CVE-2024-26179 - Breaking Down the RRAS Remote Code Execution in Windows

The March 2024 Patch Tuesday dropped a bombshell for IT folks everywhere: CVE-2024-26179. This vulnerability affects the Windows Routing and Remote Access Service (RRAS)—a core Windows feature for many organizations. If exploited, it could let hackers run their own code on your machine. In this article, we break down what this vulnerability is, how an attack might happen, and what you can do right now.

What is RRAS and Why Should You Care?

Windows RRAS is a service that lets administrators route network traffic and provide VPN access right from a Windows server. It powers remote connections for businesses of all sizes.

But great power comes with great responsibility. If RRAS gets compromised, an attacker could pivot anywhere on your network.

In plain English

A specially crafted network packet, sent to a Windows server running RRAS, can trick the service into running code supplied by an attacker. No username or password needed. Just network access to RRAS.

The Patch (March 12, 2024)

Microsoft released details here:
🔗 Microsoft Security Update Guide: CVE-2024-26179

TL;DR:
If you’re running RRAS, patch immediately! The vulnerability is likely to be exploited now that details are public.

Exploit Details (How Could This Work?)

RRAS listens on your network for connection requests (VPN, NAT, routing). There’s a bug in how it handles certain packets. An attacker can exploit this by:

Sending specially crafted packets (malformed data) to the RRAS service.

3. Those packets trigger a memory corruption bug—allowing the attacker’s code to run on your server, with SYSTEM rights.

Simple Proof of Concept Outline

*(No weaponized exploit, just for educational/research context.)*

A common attack vector is the PPTP VPN protocol. Here’s a basic idea using Python and Scapy to send unexpected data to port 1723 (PPTP) of the target server.

# Proof-of-Concept: RRAS Invalid Packet to Port 1723
from scapy.all import *

target_ip = "192.168.1.100"
target_port = 1723  # PPTP port

# Create a packet with abnormal length/content
payload = b"A" * 4096  # Oversize payload, may trigger bug
packet = IP(dst=target_ip)/TCP(dport=target_port, flags="S")/Raw(load=payload)

# Send the packet
send(packet)

Note: The actual exploit involves discovering the exact way the service mishandles memory or input—it’s not public at the time of writing and is probably more complex.
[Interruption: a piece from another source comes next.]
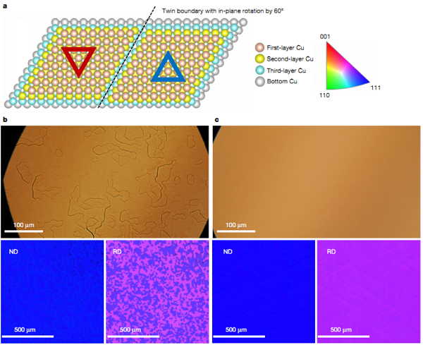 研究固體材料中電磁波和自由電子的共振相互作用的等離激元理論領(lǐng)域,由于等離激元材料中通常會發(fā)生大量損耗,因此尚未投入大規(guī)模商業(yè)應(yīng)用。由于其良好的色彩飽和度,通用的形狀因數(shù)和低功耗,有機發(fā)光器件(OLED)已被并入數(shù)十億個商業(yè)產(chǎn)品中,但在效率和穩(wěn)定性方面仍可以得到改善。盡管結(jié)合了有機熒光粉的OLED實現(xiàn)了內(nèi)部的電荷到光的統(tǒng)一轉(zhuǎn)換,但它們的折射率對比卻將設(shè)備外光子的可觀察部分降低了約25%。此外,在OLED操作期間,緩慢衰減的三重態(tài)激子和電荷的局部累積會在稱為老化的過程中逐漸降低設(shè)備的亮度,這可能會導(dǎo)致顯示屏出現(xiàn)“烙印”現(xiàn)象。同時提高設(shè)備效率和穩(wěn)定性對于OLED技術(shù)至關(guān)重要。美國UDC(Universal Display Corporation)演示了一種OLED,它利用等離子體系統(tǒng)的衰減率提高來提高設(shè)備穩(wěn)定性,同時通過結(jié)合基于納米粒子的外耦合方案從等離子體激元模式中提取能量來保持效率。使用原型磷光發(fā)射器,可以在與參考常規(guī)設(shè)備相同的亮度下將操作穩(wěn)定性提高兩倍,同時還可以從等離激元模式中提取16%的能量作為光。這個工作提高OLED穩(wěn)定性的方法避免了特定于材料的設(shè)計,并且適用于當前用于照明面板,電視和移動顯示器的所有商用OLED。Plasmonic enhancement of stability and brightness in organic light-emitting devices.(Nature, 2020, DOI:10.1038/s41586-020-2684-z)4.臺積電&臺灣陽明交通大學(xué)&萊斯大學(xué)Nature:Cu(111)上的晶圓級單晶六方氮化硼六方氮化硼單層

But the principle stays: attacker abuses RRAS parsing.

How to Detect

- Monitor for unusual connections to RRAS ports (PPTP: 1723, L2TP/IPsec: 1701/500/450)

Check Windows Event Logs for RRAS crashes or unexpected behavior

- Use tools like Sysmon to watch for suspicious network activity

Block exposure:

Don’t expose RRAS to the public internet if not absolutely needed. Firewall it off from untrusted networks.

More Information

- Microsoft Advisory
- Patch Tuesday (March 2024) Highlight
- NIST NVD Page

Final Thoughts

CVE-2024-26179 is a stark reminder: legacy services like RRAS are juicy targets. Keep your Windows systems updated, restrict unnecessary services, and watch your network doors.

If you’re running RRAS, patch it now before someone else does it for you!